• LA QUÊTE DU BONHEUR - Hannah Arendt

     

    Nécessité et violence, violence que l’on justifie et magnifie parce qu’elle œuvre pour la cause de la nécessité, nécessité contre laquelle on ne se révolte plus dans un suprême effort de libération, ou que l’on n’accepte plus avec une pieuse résignation, mais que l’on révère au contraire comme la grande force omnipotente qui sûrement, pour reprendre les termes de Rousseau, «contraindra les hommes à être libres» - nous savons comment ces deux critères et leur interaction mutuelle sont devenus la marque des révolutions réussies au xxe siècle, à telle enseigne que, pour les savants comme pour les ignorants, ils constituent désormais les traits dominants de tous les événe­ments révolutionnaires.
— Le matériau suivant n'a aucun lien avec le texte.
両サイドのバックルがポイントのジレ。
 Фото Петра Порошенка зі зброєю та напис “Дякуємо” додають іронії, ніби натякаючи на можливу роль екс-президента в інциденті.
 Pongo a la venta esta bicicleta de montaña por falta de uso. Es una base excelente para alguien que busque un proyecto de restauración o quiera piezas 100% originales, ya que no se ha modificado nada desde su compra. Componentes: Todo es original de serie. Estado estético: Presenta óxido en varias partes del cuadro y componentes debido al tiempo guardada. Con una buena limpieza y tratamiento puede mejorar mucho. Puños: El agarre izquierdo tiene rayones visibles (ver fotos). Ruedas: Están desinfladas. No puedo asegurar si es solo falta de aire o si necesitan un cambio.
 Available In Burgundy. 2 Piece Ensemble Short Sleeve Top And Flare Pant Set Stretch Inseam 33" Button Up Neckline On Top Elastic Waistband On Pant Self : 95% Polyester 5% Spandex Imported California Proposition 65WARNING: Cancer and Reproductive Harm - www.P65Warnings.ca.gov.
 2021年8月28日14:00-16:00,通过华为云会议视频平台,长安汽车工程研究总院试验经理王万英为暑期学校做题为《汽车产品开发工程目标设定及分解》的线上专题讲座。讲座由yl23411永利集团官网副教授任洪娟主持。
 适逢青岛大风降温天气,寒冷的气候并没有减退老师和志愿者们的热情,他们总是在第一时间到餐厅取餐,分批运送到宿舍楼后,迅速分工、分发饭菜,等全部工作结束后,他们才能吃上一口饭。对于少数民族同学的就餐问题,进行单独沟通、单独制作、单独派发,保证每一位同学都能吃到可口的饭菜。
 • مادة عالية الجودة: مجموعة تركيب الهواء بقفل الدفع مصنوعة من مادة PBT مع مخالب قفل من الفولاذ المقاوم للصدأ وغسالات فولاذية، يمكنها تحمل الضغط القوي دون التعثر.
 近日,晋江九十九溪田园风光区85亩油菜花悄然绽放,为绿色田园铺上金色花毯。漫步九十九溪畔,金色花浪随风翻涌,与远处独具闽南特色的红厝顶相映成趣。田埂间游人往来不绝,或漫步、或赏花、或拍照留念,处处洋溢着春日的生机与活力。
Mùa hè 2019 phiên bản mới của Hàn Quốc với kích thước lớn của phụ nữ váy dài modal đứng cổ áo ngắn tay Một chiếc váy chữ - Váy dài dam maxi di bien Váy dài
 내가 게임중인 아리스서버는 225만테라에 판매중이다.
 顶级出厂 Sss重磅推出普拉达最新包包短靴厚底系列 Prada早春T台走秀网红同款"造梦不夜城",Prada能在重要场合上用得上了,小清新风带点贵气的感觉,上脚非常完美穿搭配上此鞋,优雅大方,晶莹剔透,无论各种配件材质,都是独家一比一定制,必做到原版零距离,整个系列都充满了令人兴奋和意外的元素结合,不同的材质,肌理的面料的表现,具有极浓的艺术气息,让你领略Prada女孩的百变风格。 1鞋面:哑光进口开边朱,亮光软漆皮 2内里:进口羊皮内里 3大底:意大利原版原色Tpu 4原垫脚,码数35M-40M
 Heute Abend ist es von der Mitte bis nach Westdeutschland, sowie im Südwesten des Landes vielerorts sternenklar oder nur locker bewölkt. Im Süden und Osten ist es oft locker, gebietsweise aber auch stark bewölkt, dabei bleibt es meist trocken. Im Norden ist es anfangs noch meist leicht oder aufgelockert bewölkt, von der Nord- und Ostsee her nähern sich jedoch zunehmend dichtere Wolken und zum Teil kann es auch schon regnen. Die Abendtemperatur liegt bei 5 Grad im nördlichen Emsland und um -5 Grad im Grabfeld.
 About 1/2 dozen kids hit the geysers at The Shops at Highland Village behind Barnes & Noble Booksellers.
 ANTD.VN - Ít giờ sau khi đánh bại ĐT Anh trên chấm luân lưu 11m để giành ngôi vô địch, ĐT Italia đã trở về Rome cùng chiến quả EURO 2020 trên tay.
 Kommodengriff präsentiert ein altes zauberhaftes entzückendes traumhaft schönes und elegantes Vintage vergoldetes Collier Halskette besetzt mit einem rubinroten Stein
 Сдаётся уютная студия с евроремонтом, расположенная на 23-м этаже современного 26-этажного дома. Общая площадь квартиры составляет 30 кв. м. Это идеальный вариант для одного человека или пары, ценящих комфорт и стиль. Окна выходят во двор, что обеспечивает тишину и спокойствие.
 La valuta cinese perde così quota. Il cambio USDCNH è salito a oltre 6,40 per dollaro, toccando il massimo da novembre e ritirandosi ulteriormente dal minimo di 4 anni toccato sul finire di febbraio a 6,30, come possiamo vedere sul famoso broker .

Et nous savons aussi, malheureusement, que l’on a mieux préservé la liberté dans les pays où aucune révolution n’a jamais éclaté, si choquante que puisse être la situation créée par les pouvoirs en place, et que les pays où la révolution a été vaincue connaissent plus de libertés civiles que ceux où elle l’a emporté. *

    Nous n’avons pas besoin d’y insister ici, même si nous aurons à y revenir plus tard. Avant d’aller plus avant, il nous faut toutefois attirer l’attention sur ceux que j’ai appelés les hommes des révolutions pour les distinguer des révolutionnaristes professionnels ultérieurs, afin d’avoir une première idée des principes qui ont pu les inspirer et les préparer au rôle qu’ils allaient jouer. Car aucune révolution, même en ouvrant largement les portes aux masses des pauvres, n’a jamais été déclenchée par ceux-ci, de même qu’aucune révolution, si répandus qu’aient pu être le mécontentement voire les complots dans un pays donné, n’a jamais résulté d’une sédition. D’une façon générale, on peut dire qu’aucune révolution n’est possible là où l’autorité du corps politique est réellement intacte, en d’autres termes, dans un contexte moderne, là où on peut faire confiance aux forces armées pour obéir aux autorités civiles. Dans leur phase initiale, les révolutions semblent toujours réussir avec une étonnante facilité, et la raison en est que les hommes qui les font ramassent seulement le pouvoir

    À partir de là, cependant, nous ne sommes pas en droit de conclure que les révolutions surviennent toujours là où le gouvernement se montre incapable d’incarner l’autorité et le respect qui va de pair. Bien au contraire, la longévité curieuse voire mystérieuse de corps politiques obsolètes est un fait historique et fut vraiment un phénomène caractéristique de l’histoire politique de l’Occident d’avant la Première Guerre mondiale. Y compris là où la perte de l’autorité est tout à fait manifeste, les révolutions ne peuvent éclater et réussir que s’il se trouve un nombre suffisant d’hommes qui sont préparés à cet effondrement et qui, simultanément, en voulant assumer le pouvoir, sont impatients de s’orga­niser et d’agir ensemble en vue d’un dessein commun. Ces hommes-là n’ont pas besoin d’être très nombreux ; dix hommes qui agissent ensemble, Mirabeau l’a dit un jour, peuvent en faire trembler cent mille pris individuellement.